On a nearby pond, black and white ducks are swimming in groups of three. James wants to find the experimental probability of two white ducks and one black duck swimming together. Design a simulation using a coin flip and explain why it is the best choice for James.

1 answer

To simulate the situation of ducks on a pond using a coin flip, we’ll create a system where each flip of the coin represents the chance of observing either a black duck (B) or a white duck (W). The rationale for using a coin is that it provides a simple binary outcome, just like the two types of ducks. Here’s how you can design the simulation:

Simulation Design

  1. Assign Values to Coin Sides:

    • Assign "Heads" (H) to represent a white duck (W).
    • Assign "Tails" (T) to represent a black duck (B).
  2. Simulating Groups of Ducks:

    • For each group of three ducks, perform three coin flips. Each flip corresponds to one duck.
    • Record the outcome of each flip (either H for a white duck or T for a black duck).
  3. Repeat the Simulation:

    • Conduct the simulation for a large number of trials (e.g., 1000 trials).
    • Count how many times you observe two white ducks and one black duck (the combination you are interested in).

Example of a Single Trial

Suppose you flip the coin three times and get the following results:

  • Flip 1: H (W)
  • Flip 2: H (W)
  • Flip 3: T (B)

This would be recorded as a successful outcome because it has two white ducks and one black duck.
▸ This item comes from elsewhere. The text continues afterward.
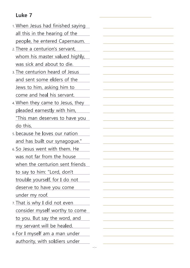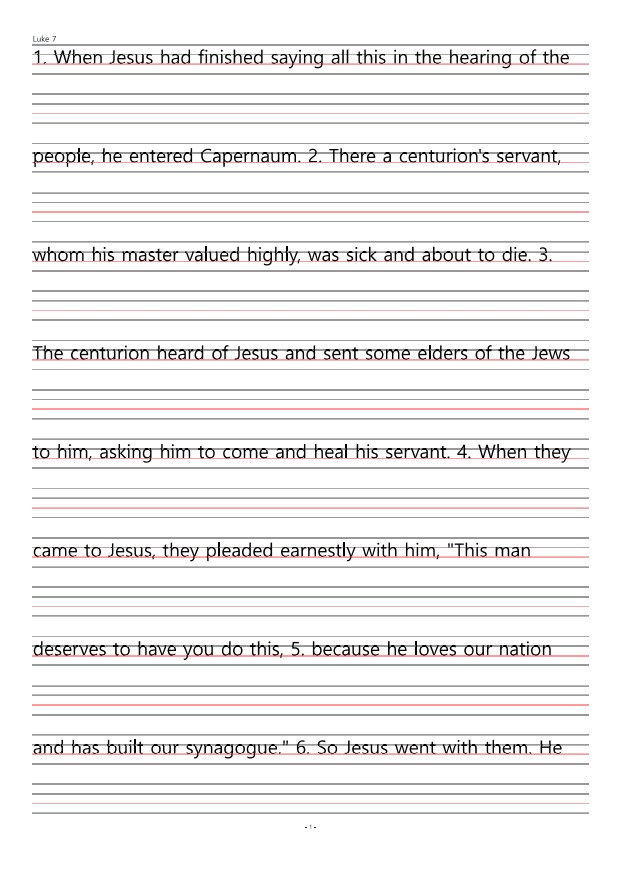 누가복음7장 영어성경따라쓰기

Calculating Experimental Probability

After conducting all trials:

  • Let \( N \) be the total number of trials (e.g., 1000).
  • Let \( S \) be the number of successful outcomes that match the combination of two white ducks and one black duck.
  • The experimental probability \( P \) can be calculated using the formula:

\[ P(\text{2 W, 1 B}) = \frac{S}{N} \]

Why This Simulation is the Best Choice for James

  1. Simplicity: A coin flip is straightforward to set up and execute. It only requires a coin and can be easily repeated.
  2. Binary Outcomes: Each coin flip represents a clear dichotomy (white or black duck), mirroring the problem of having two types of ducks.
  3. Random Sampling: The randomness of flipping a coin effectively simulates the random arrangements of ducks swimming together.
  4. Scalability: You can perform as many trials as desired to increase the accuracy of the estimated probability.
  5. Statistical Relevance: Using a probabilistic model, it can yield results that converge to the theoretical probability when enough trials are conducted, thereby giving James a reliable understanding of the expected outcomes.

Overall, this method provides a practical and effective way for James to estimate the probability of seeing two white ducks and one black duck in groups of three.